How B60L sits among the EV classes
An electric-vehicle patent typically spans several classes, and reading B60L against them is what gives the classification its diagnostic value. The pairing with H01M is the most important: H01M covers the electrochemical cell and the chemistry inside it, while B60L covers the vehicle-level electrical operation that the pack feeds. A patent on a new cathode formulation is an H01M invention; a patent on how the vehicle monitors and manages that pack during driving and charging is a B60L invention; a patent that does both will carry symbols from each. The split lets an analyst separate chemistry portfolios from drivetrain-and-energy-management portfolios, even within a single company.

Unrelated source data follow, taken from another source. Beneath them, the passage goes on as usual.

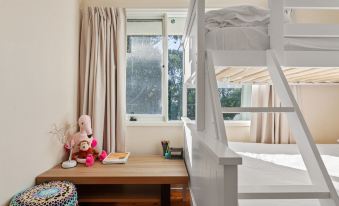 3 bedrooms: 1 bunk bed 1 single bed and 1 king bed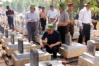 Tại đây, Đoàn đại biểu tỉnh Thái Nguyên đã đặt vòng hoa, làm lễ tưởng niệm hương hồn 256 chiến sỹ là con em của Thái Nguyên và Bắc Kạn. Các thành viên trong Đoàn đã đi thắp hương từng phần mộ của con em quê hương hy sinh vì sự nghiệp đấu tranh giải phóng miền Nam, thống nhất đất nước.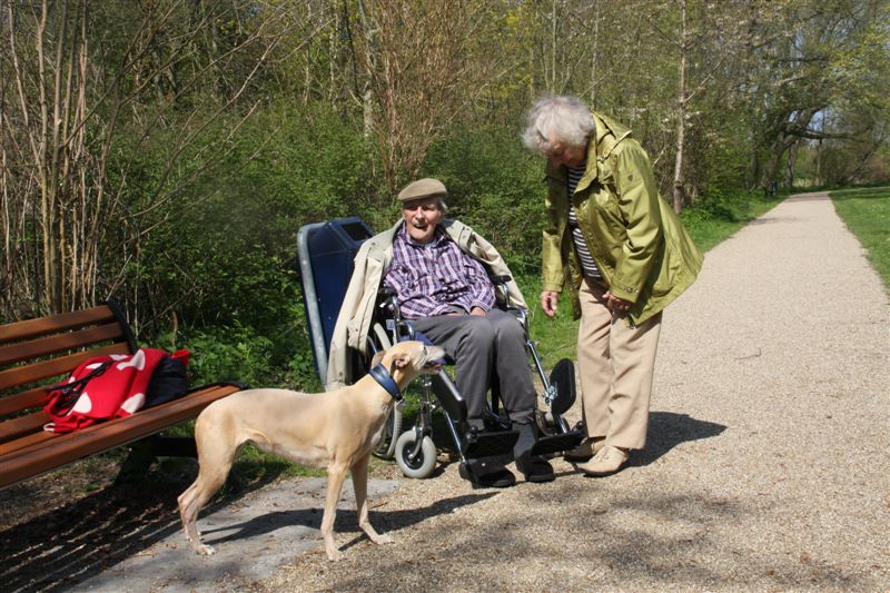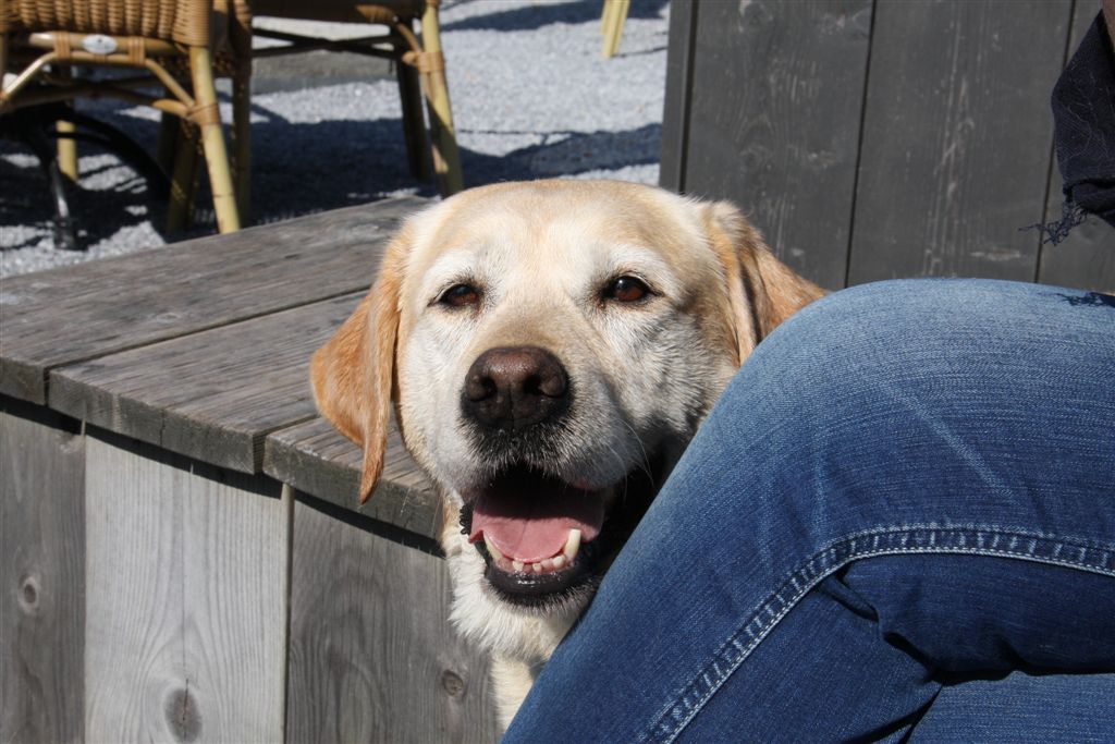 En zij voelen heel goed aan dat hij ze graag om zich heen heeft. Zo hangen we lekker een uurtje rond in het park, voor ome Cor aan de warme middagmaaltijd gaat. De vier dames gaan vaak mee naar binnen, naar de groep waar ome Cor in zit. Het personeel en de (meeste ;>) cliënten vinden honden aan tafel wel gezellig.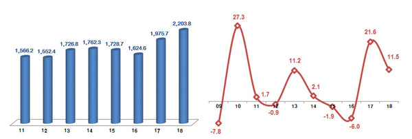 산업통상자원부가 17일 발표한 2018년 ICT 수출입 동향에 따르면 수출은 전년대비 11.5% 증가한 2,204억달러, 수입은 4.9% 늘어난 1,071억달러로 무역수지 흑자는 1,133억달러를 기록한 것으로 잠정 집계됐다. ICT 수출은 24개월 연속 수출증가세를 기록하면서 사상 최초로 2,200억달러대를 돌파하며 2년 연속 연간 최대실적을 달성하게 됐다.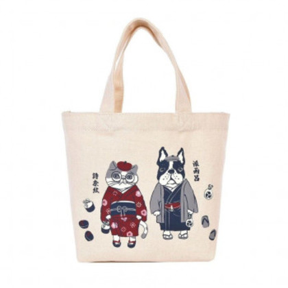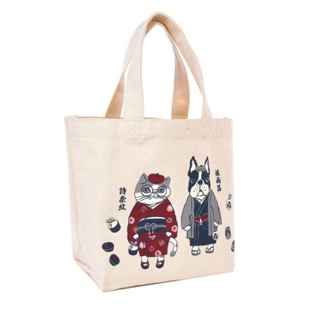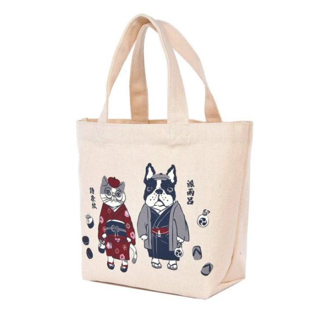 商品詳細:いつもハイセンスな装いのシナモン(詩奈紋)とパウロ(派雨呂)。和服姿もお似合いです。 生産国:中国 素材・材質:キャンバス生地:ポリエステル65%、綿35% 商品サイズ:22(タテ)×20(ヨコ底)×11(マチ底)cm、持ち手の長さ:33cm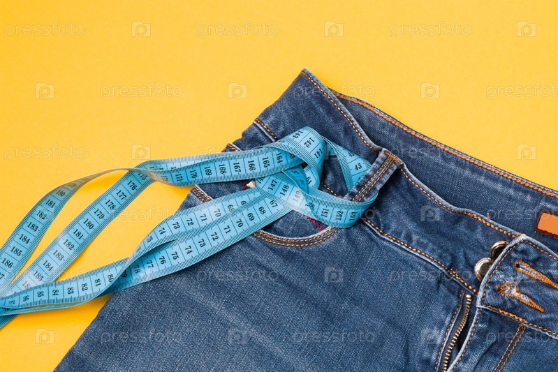 Синяя измерительная лента вдевается в джинсы вместо ремня, синие джинсы на желтом фоне, пространство для копирования, концепция потери веса и контроля веса, измерение объема тела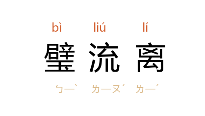 引《汉书·西域传上·罽宾国》:“罽宾 地平……(出)珠璣、珊瑚、虎魄、璧流离。”颜师古 注:“此盖自然之物,采泽光润,踰於众玉,其色不恆。”《宋书·符瑞志下》:“璧流离,王者不隐过则至。”章炳麟 《訄书·公言》:“取歧光之璧流离,蔽遮之於白日,而白者为七色,非璧流离之成之。日色固有七,不歧光则不见也。”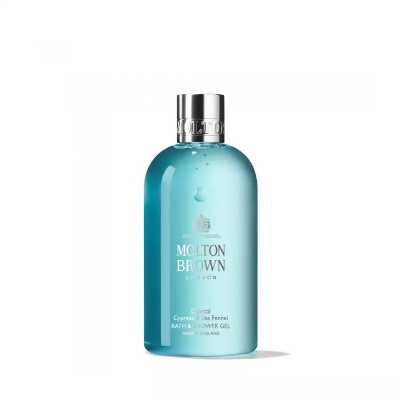 BAGNOSCHIUMA. Coastal Cypress & Sea Fennel shower gel di Molton Brown a base di olio essenziale di cipresso marino, è un doccia schiuma che lascia sull'epidermide un bell'aroma di note marine.
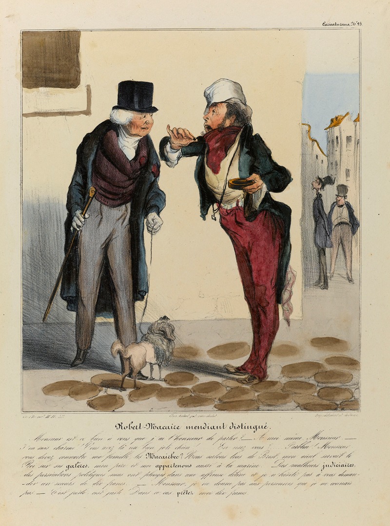 Overall, "Robert Macaire mendiant distingué" is a testament to Daumier's skill as an artist and his insightful observations of the world around him. Through the character of Robert Macaire, Daumier was able to explore themes of identity, morality, and the fluid nature of social status, making his work relevant not only in his own time but also in contemporary discussions of social dynamics.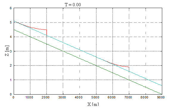 Физические параметры канала: длина канала – 9000 м (бьеф1 – 2000 м; бьеф2 – 5000 м; бьеф3 – 2000 м); ширина по дну – 2 м; продольный уклон дна канала – 0,0005; коэффициент заложения откоса – 1,5; коэффициент шероховатости по Мэнинга – 0,018; ширина затвора – 2 м. В канале нет боковых входов и выходов.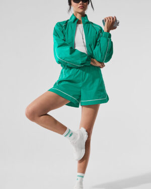 Sporty chic is back. The Motivate Track Short is a longer length style with contrast piping and zippered pockets. Its made from a swishy, performance-like fabric that adds to the sporty cool vibe of your look. Pair it with the Motivate Track Jacket for a chic studio-to-street outfit you??ll be wearing for seasons on end.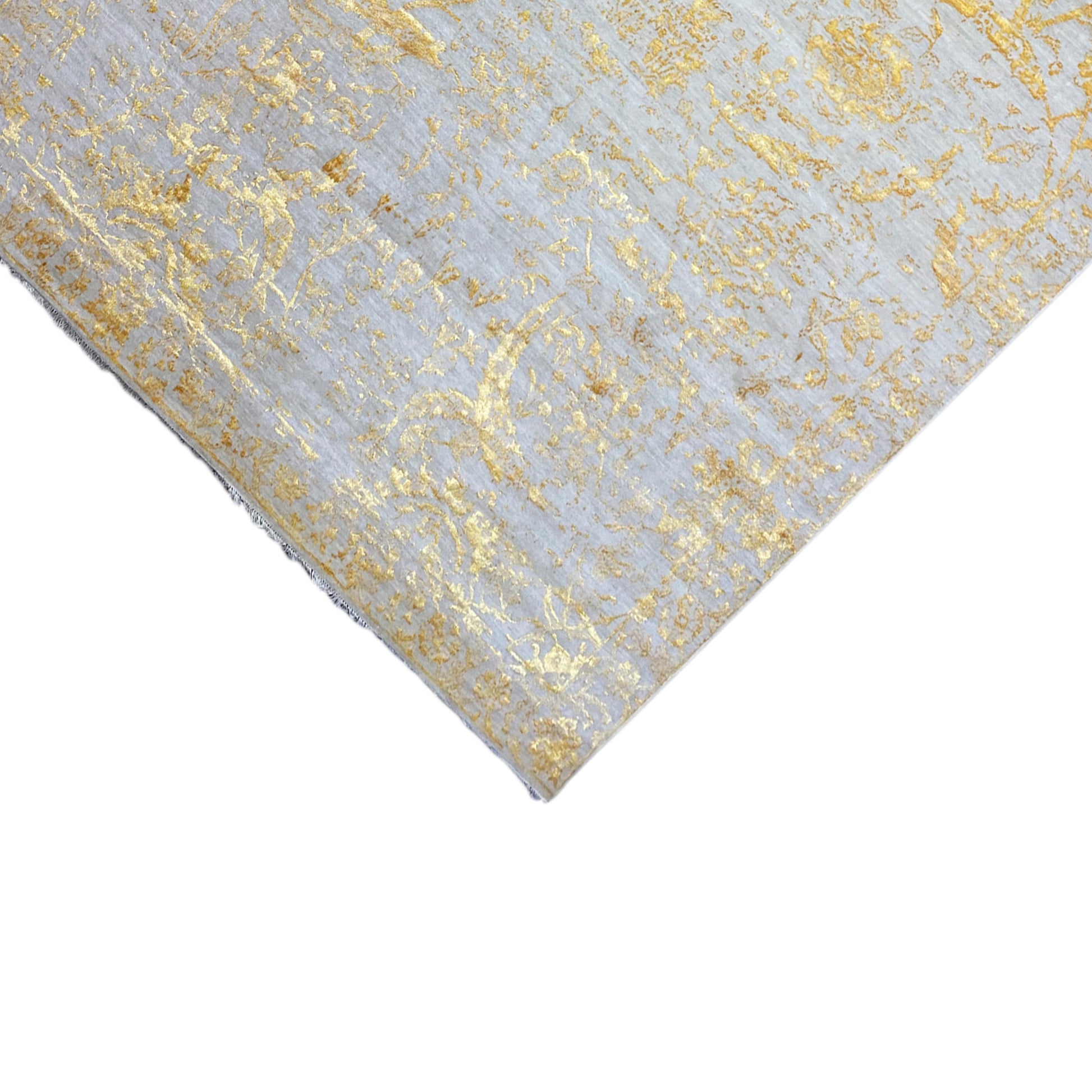 Embellissez votre maison avec ce tapis de designer exquis, tissé à la main. Le motif fascinant en gris et or offre un style de décoration moderne et opulent, apportant une touche de luxe à chaque pièce. Fabriqué en laine de haute qualité et en viscose brillante, ce tapis élégant (316x245 cm) offre non seulement un attrait visuel, mais aussi une agréable sensation au toucher et une grande durabilité pour votre intérieur.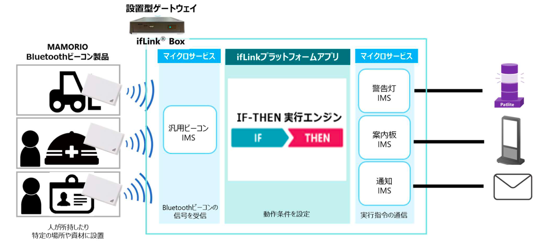 「MAMORIO.biz works with ifLink」では、MAMORIO社が提供する各種ビーコンを人に所持させたり、業務車両に設置することで、それらのビーコン信号を受信した際に、ifLink対応のデバイスやWebサービスと連動した通知や表示を動作させることができます。

Other neighbors fill out the picture. B60K covers the physical arrangement of the propulsion unit in the vehicle; H02J covers power-supply and charging circuit arrangements that are not vehicle-specific; H02K covers the electric machine itself. A charging-control invention may sit at the boundary of B60L and H02J; a traction-motor-control invention at the boundary of B60L and H02K. As with the battery-thermal example, the lead symbol an examiner assigns reflects where the claimed contribution actually lies, so reading the full classification string — not just the first symbol — is what distinguishes a charging-method patent from a connector-hardware patent from a motor-design patent.
Reading the regenerative-braking and monitoring subgroups
Two parts of the B60L title are easy to overlook but heavily used. "Electrodynamic brake systems" is the regenerative-braking clause: inventions that recover kinetic energy back into the pack during deceleration are a B60L surface, which matters because regenerative braking is one of the places where control logic (how much torque to recover, when to blend with friction braking) meets energy management. "Monitoring operating variables" is the clause that captures state-of-charge estimation, state-of-health tracking, and the safety-circuit logic that protects the pack — the software layer of energy management. An assignee filing heavily in the B60L monitoring and braking subgroups is, on the record, patenting the intelligence of the electric drivetrain rather than its hardware. With those readings in mind, B60L remains the cleanest single filter for the electric-propulsion layer of the automotive patent record. The class title is published and maintained by the USPTO as the authoritative definition of the symbol.